=== DATA SECTION ===
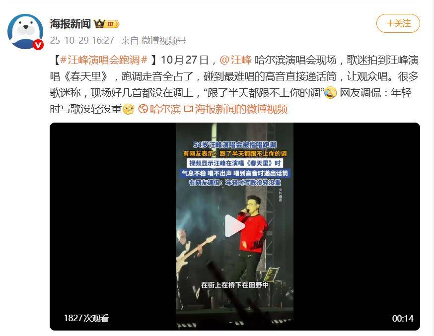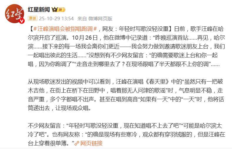 值得一提的是,汪峰在演出前还发微博承诺“邀请歌迷朋友上台,我们一起唱出彼此的生活”,没想到网友直接回怼:“的确需要歌迷上台和你一起唱,因为你跑调了!”尽管有人为天气因素辩解——“哈尔滨太冷,汪峰穿得单薄”,但更多声音质疑:作为专业歌手,为何不提前降调或优化选曲?观众为怀念青春付费,但不代表愿意为“走音现场”买单。
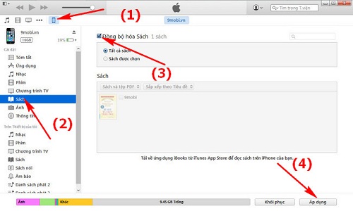 Tiếp tục tiến hành đồng bộ hóa bằng cách: bạn chọn vào hình iPhone > Sách > tích v vào Đồng bộ hóa sách > Bấm Áp dụng.
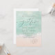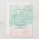 Beautiful turquoise abstract watercolor sparkling ocean wave and hearts in the sand beach background, toped with stylish script and elegant serif font, modern and simple. Great nothing fancy just love wedding invitation for intimate nautical beach wedding, tropical destination wedding, coastal ocean themed wedding in summer.
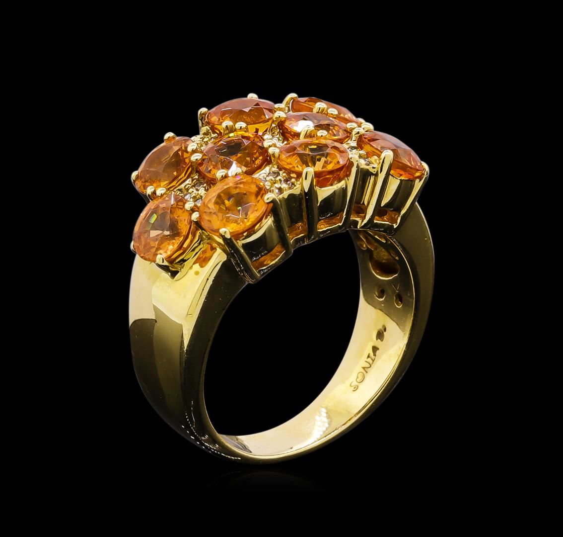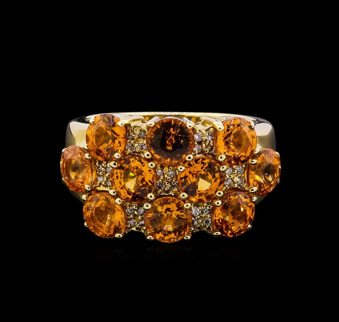 One ring featuring: 14KT yellow gold weighing 11.76 grams containing one orange sapphires with a total weight of 4.00ct and side diamonds with a total weight of 0.03ct.
===
- WHAT YOU WILL DO -
Repeat the lines of the listing above verbatim, beginning at its first line and ending at the line containing "Tiếp tục tiến", which is included. Omit pictures.

- RESPONSE TO THIS EXERCISE -
 值得一提的是,汪峰在演出前还发微博承诺“邀请歌迷朋友上台,我们一起唱出彼此的生活”,没想到网友直接回怼:“的确需要歌迷上台和你一起唱,因为你跑调了!”尽管有人为天气因素辩解——“哈尔滨太冷,汪峰穿得单薄”,但更多声音质疑:作为专业歌手,为何不提前降调或优化选曲?观众为怀念青春付费,但不代表愿意为“走音现场”买单。
 Tiếp tục tiến hành đồng bộ hóa bằng cách: bạn chọn vào hình iPhone > Sách > tích v vào Đồng bộ hóa sách > Bấm Áp dụng.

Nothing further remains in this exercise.